Chelsea left wing-back Marcos Alonso comes from a family of footballers, including legends of Real Madrid and Barcelona

Clive Rose/Getty Images

This is a guest post by Sarthak Kumar, who covers Spanish football for BarcaBlaugranes and VillarrealUSA. You should follow him on Twitter.

Real Madrid weren't playing well, if at all. Stade de Reims were splitting the Real defense time and time again with exquisite passing and one-touch football. Real were 2-0 down in 10 minutes, and 3-2 down in 62.

Championships are won in the toughest moments. Legends are born in the most decisive moments.

Step forward Marcos Alonso Imaz, a.k.a. Marquitos.

Real Madrid had struggled to break down Reims' defense, who were man-marking Real Madrid to an almost suicidal, Bielsa-esque degree, when coach José Villalonga sent defender Marquitos upfield. He was the only player not marked for about a minute. But a minute is a long time in football.

It was a simple goal -- a pass to split the defense and a routine one-on-one -- but it was the most important in Real Madrid history.

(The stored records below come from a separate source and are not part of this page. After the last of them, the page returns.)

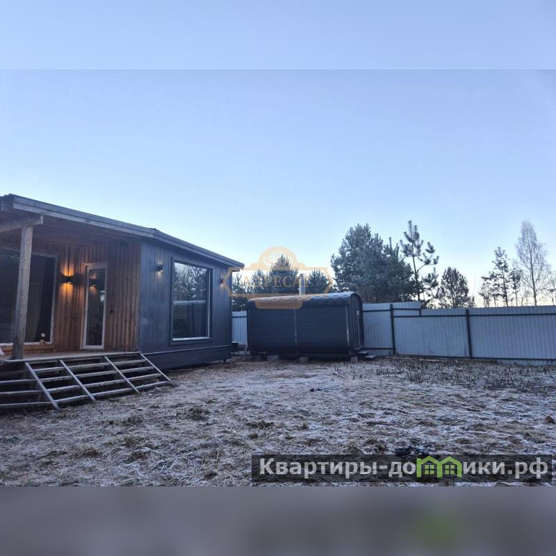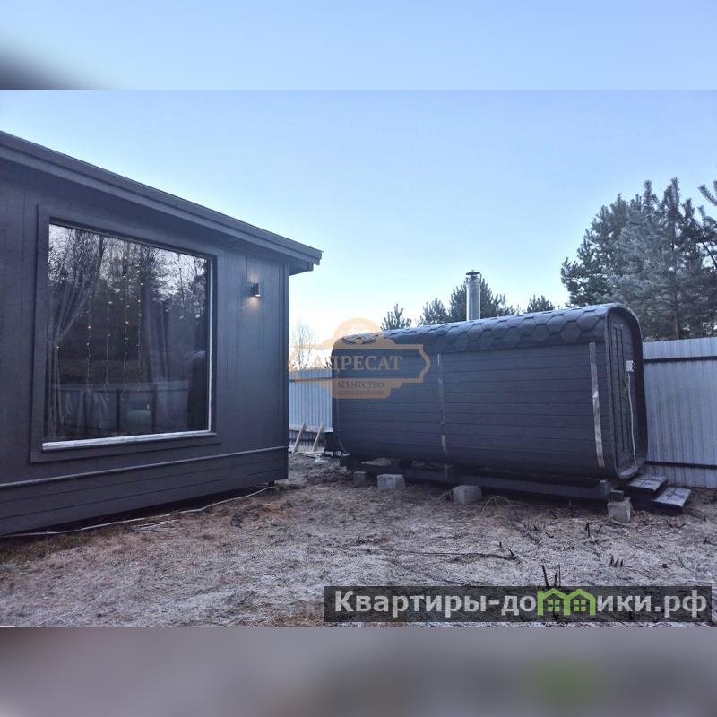 В доме высокие потолки и панорамные окна — много света и ощущение простора. Кухня-гостиная, комната и санузел, всё эргономично и продуманно. Во всем доме установлены теплые полы и электрические конвекторы. Коммуникации подведены: электричество 15 кВт, вода - скважина 12 м, канализация - септик. Дом построен по каркасной технологии, утепление 200 мм, фундамент - винтовые сваи. <strong>На участке установлена баня. В доме выполнена полная отделка, вся мебель и техника остаются новым собственникам. </strong>Вы сразу можете заехать и жить или сдавать в аренду. На участке есть место для строительства еще одного дома.<br />
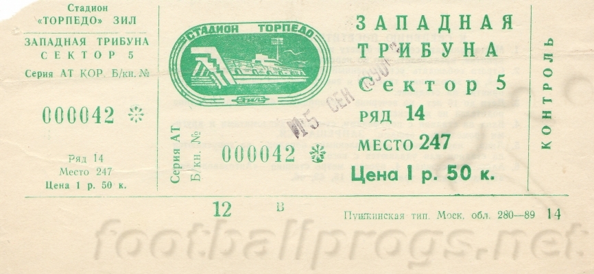 Москва. Стадион «Торпедо». 15 сентября 1990 г. Пасмурно. 8 градусов. 9600 зрителей.
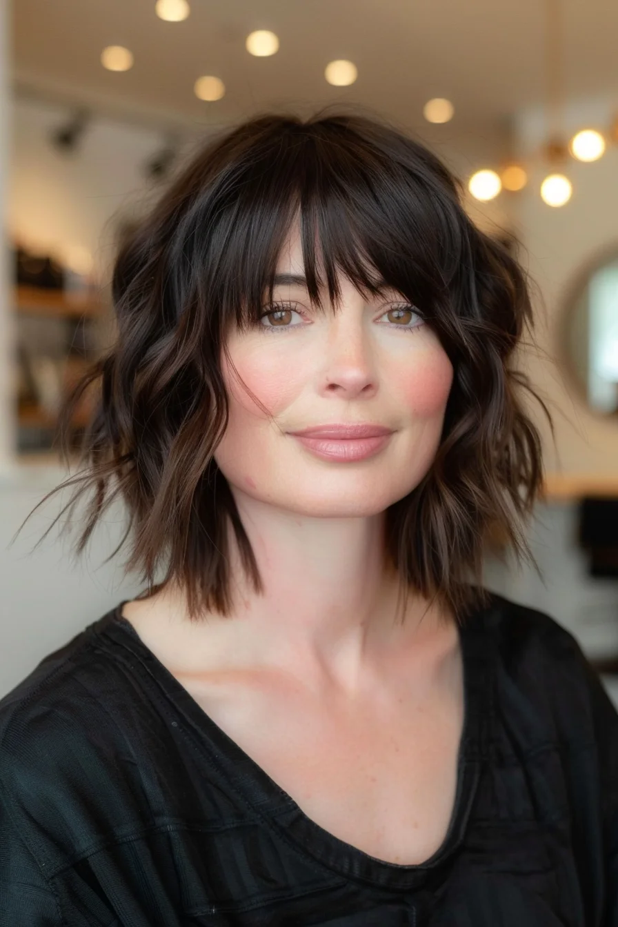 Dark brown hair with bangs is making a statement this season, offering a sleek and stylish way to elevate any haircut.
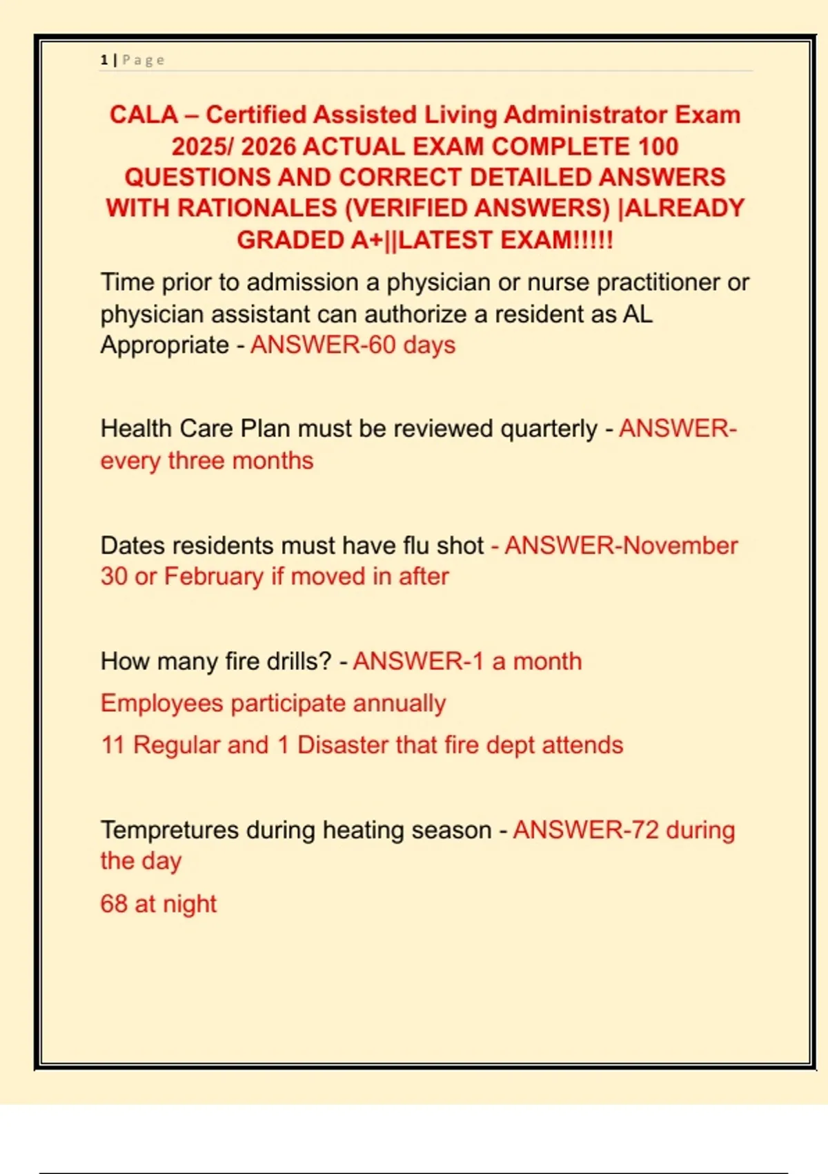 CALA – Certified Assisted Living Administrator Exam 2025/ 2026 ACTUAL EXAM COMPLETE 100 QUESTIONS AND CORRECT DETAILED ANSWERS WITH RATIONALES (VERIFIED ANSWERS) |ALREADY GRADED A+||LATEST EXAM!!!!!
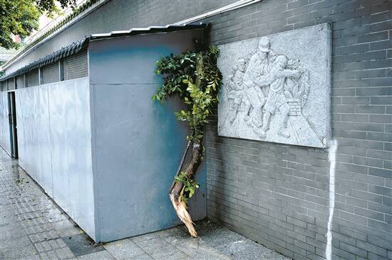 执信中学天河校区围墙外,一枝榕树残枝,广州常有这样的街头“装置”作品
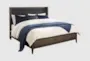 Introducing the Beckham California King Wingback Shelter Storage Platform Bed. This modern bedroom centerpiece features a chic wingback design and is upholstered in Wild Oats fabric, providing both style and comfort. Crafted from durable materials including mahogany wood, it offers practical storage solutions with built-in drawers.
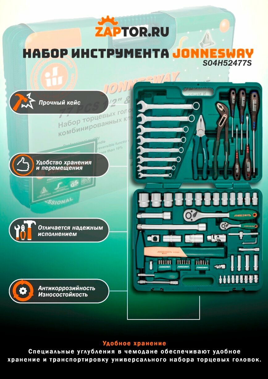 Набор инструментов Jonnesway S04H52477S 77 предметтов
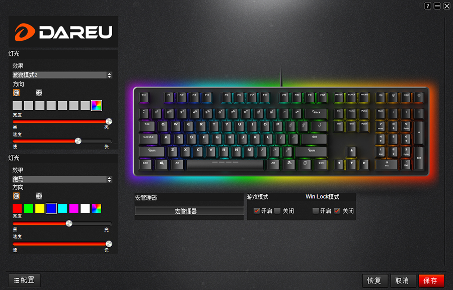 想要變化RGB燈效不僅可以通過組合鍵來實現,這款達爾優EK925RGB機械鍵盤還可在官網下載鍵盤的驅動支持,安裝驅動后自定義鍵盤的RGB光效變化,并且可以自定義調節宏鍵、組合鍵等功能,不過這個驅動界面稍顯簡陋,未來如果能更新一下驅動內容或許能開發出一些新玩法。
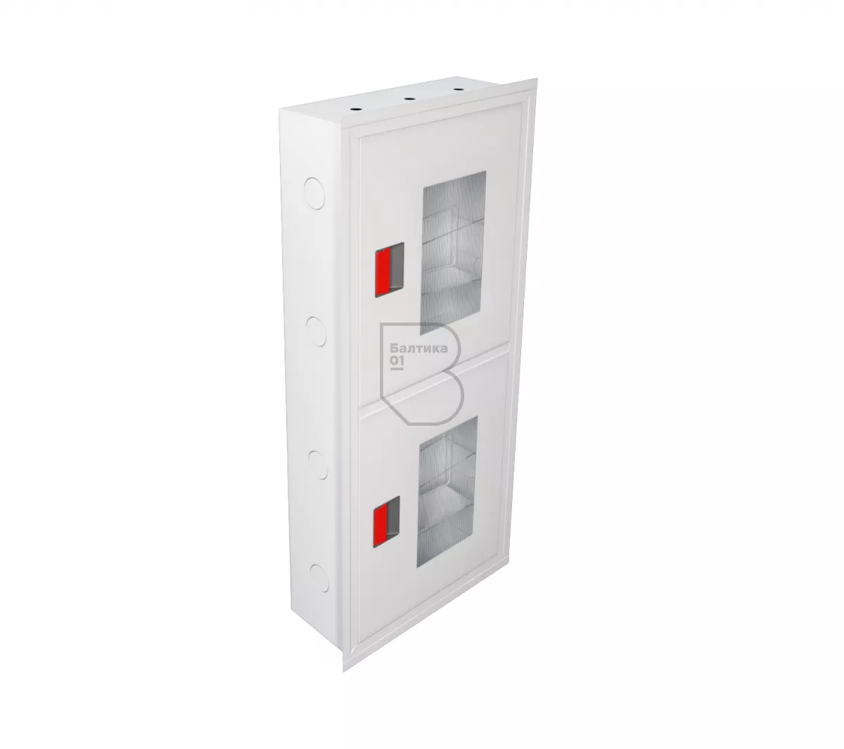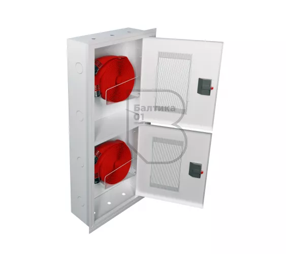 Дверцы пожарного шкафа открываются на 160 градусов. Имеют запорное устройство в виде пластиковой защелки. На каждой дверце имеется смотровое окно со вставкой из поликарбоната.
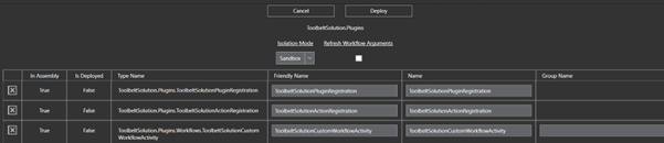 - Refresh Workflow Arguments – if ticket the deployment process will set a field on each Plugin Type already deployed intended to refresh all Input and Output Argumenta based on the updated assembly classes. If not ticked where Input and Output arguments have changed the Plugin Types may not update adequately
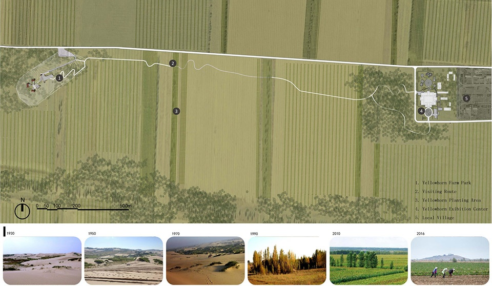 當?shù)胤N植的文冠果的枝葉結(jié)構為設計師帶來了設計靈感。為塑造高度適應性景觀,設計師采用傳統(tǒng)方法、當?shù)夭牧稀⒈就林脖?,在村民的自主參與下搭建和營造了多種用途的公園景觀。此外,公園周邊農(nóng)田與風力發(fā)電相結(jié)合,為當?shù)靥峁┛稍偕茉?。公園的建造不僅象征著防治荒漠化的歷史,還為當?shù)貛砩鷳B(tài)、休閑、教育和經(jīng)濟等多方面的利益。
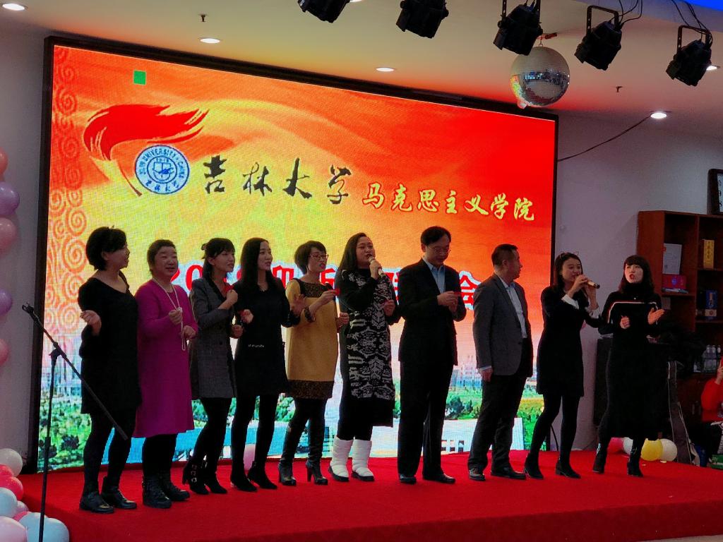 联欢会在优美的歌伴舞《国家》中拉开帷幕。联欢会上,学院七个教研室近百位老师及研究生、本科生共同参演,节目形式多样,精彩纷呈,老师们和同学们用不同的方式表达对新年的祝福。概论教研室的诗朗诵《我爱你中国》饱含深情,表达了马院教师对祖国的深切感情;形势与政策教研室的合唱《相逢是首歌》歌声婉转,展示了老师们真挚的情谊;行政办公室兰去非一支《惊鸿舞》优雅飘逸、引人入胜;基础教研室大合唱《外婆的澎湖湾》曲调优美,使观众在轻快的节奏中回忆起童年时光;研究生教研室盛装合唱《阿瓦人民唱新歌》,极具民族特色,气势恢宏;副院长吴宏政一曲吉他弹唱《外面的世界》引发全场合唱,将联欢会推向高潮;行政办公室的老师为大家带来歌曲串烧《相亲相爱》,携手展现韩国色情

Real Madrid would go on to win 4-3 in the first ever final  of what now known as the Champions League.  But that 1956 final was only the beginning. Marquitos, along with Lesmes and either Atienza or Santamaría, formed what is the legendary "Defensa de la Alpargata", which would win five European Cups, five league titles, two Latin Cups, an Intercontinental Cup, and a Copa del Generalísimo.

Marquitos was signed from Santander, where he was born and raised. And while he made it big at Real Madrid, his son, Marcos Alonso Peña (aka Marcos), failed to break through the youth ranks and went back to Santander, where he made his professional debut at the age of just 17.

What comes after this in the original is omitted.